Problem to solve – The full listing is to be returned exactly as given, but without pictures.

Information provided –

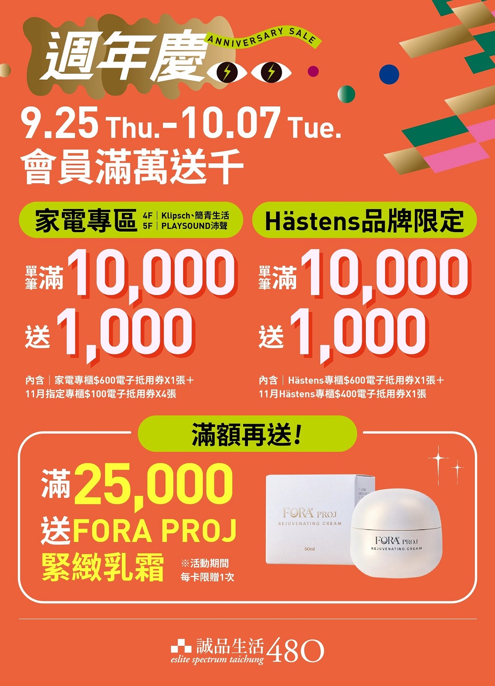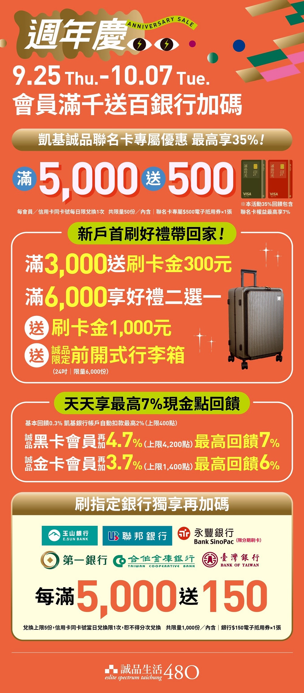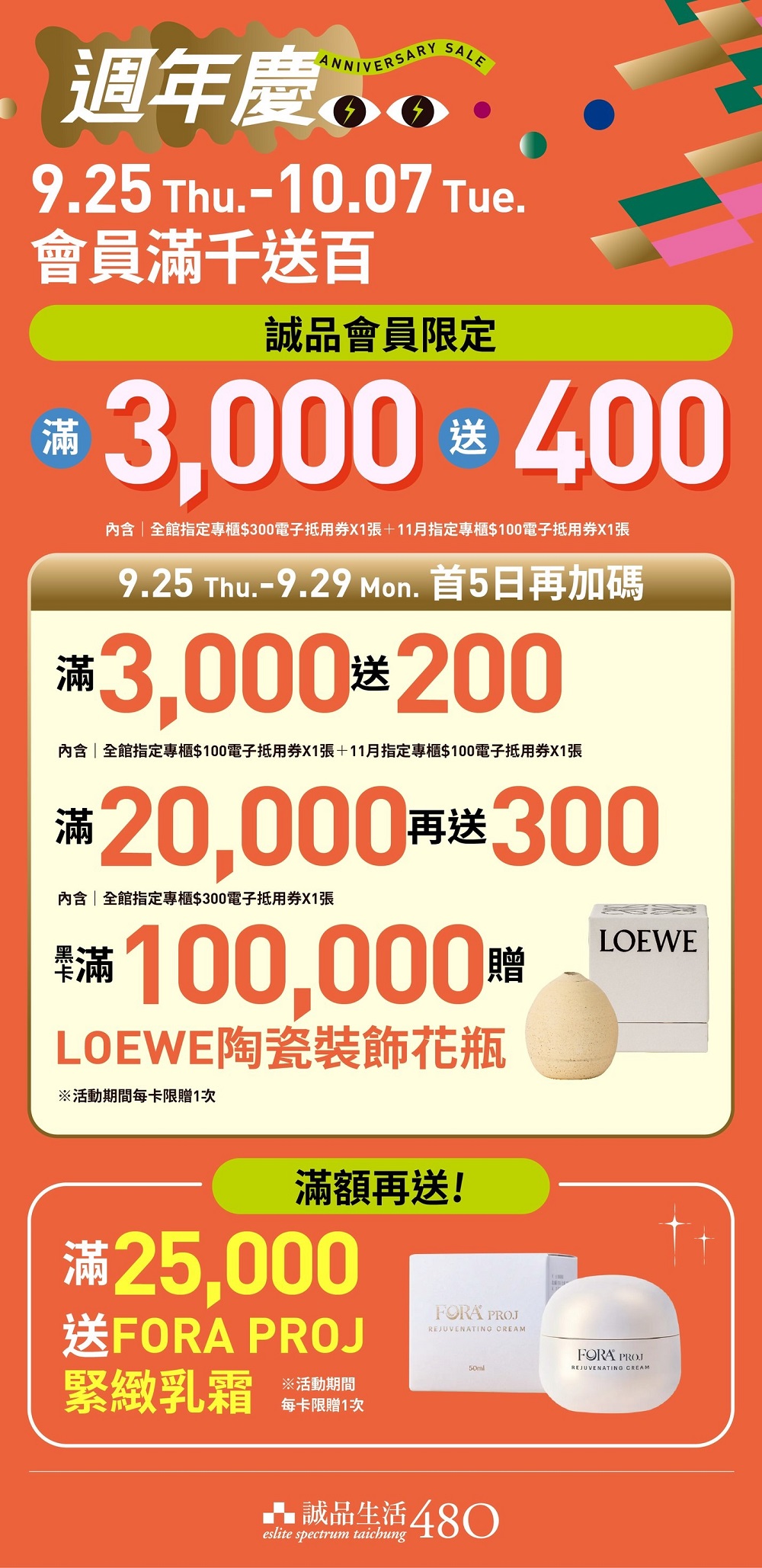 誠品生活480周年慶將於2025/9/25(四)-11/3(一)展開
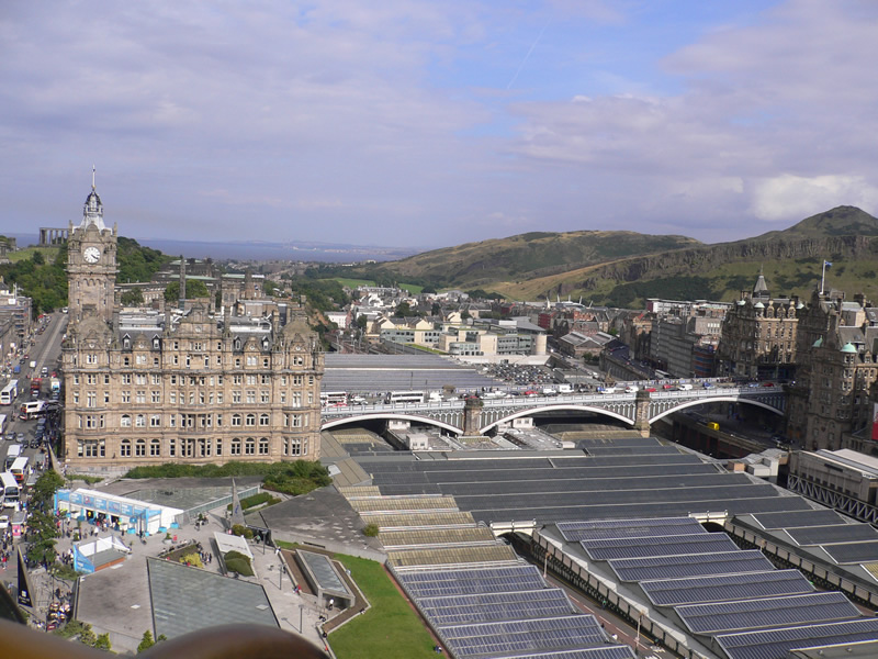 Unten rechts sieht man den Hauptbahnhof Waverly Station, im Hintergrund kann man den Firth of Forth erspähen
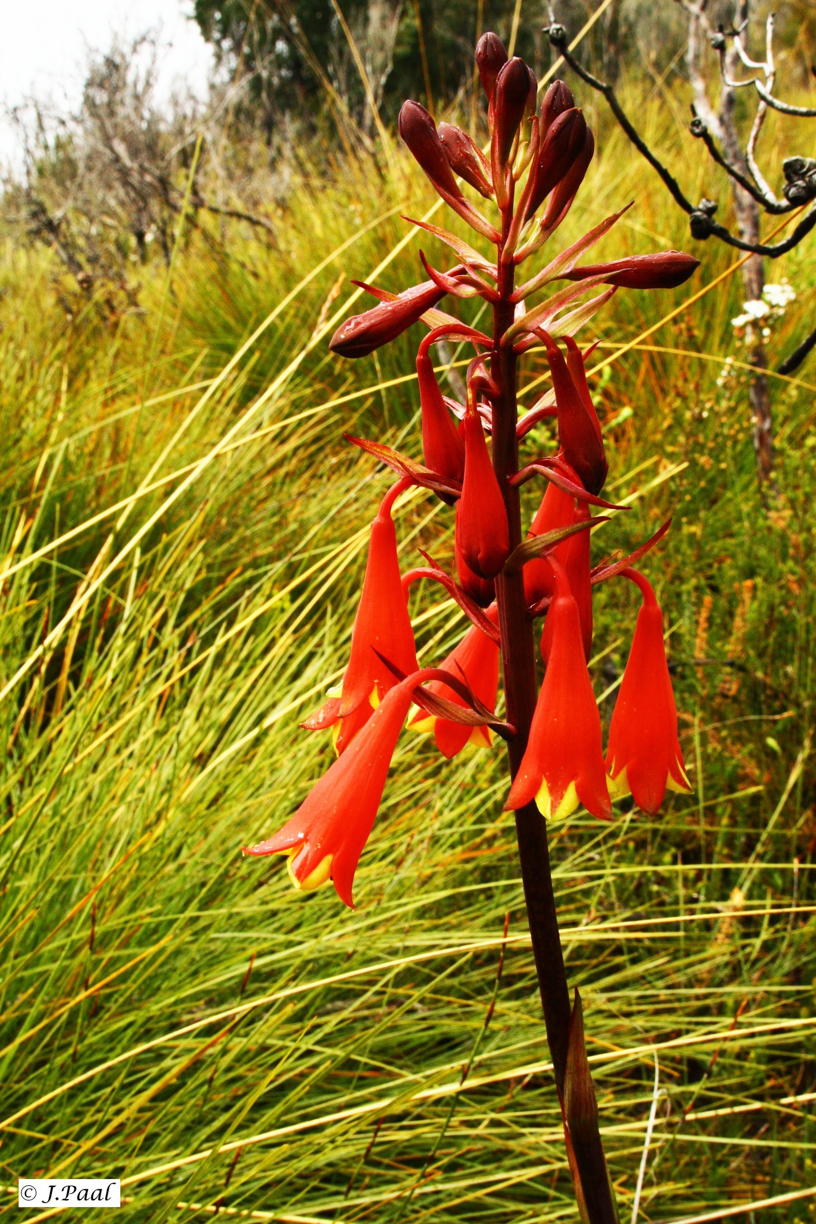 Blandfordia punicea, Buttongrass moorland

Answer section –
 誠品生活480周年慶將於2025/9/25(四)-11/3(一)展開
 Unten rechts sieht man den Hauptbahnhof Waverly Station, im Hintergrund kann man den Firth of Forth erspähen
 Blandfordia punicea, Buttongrass moorland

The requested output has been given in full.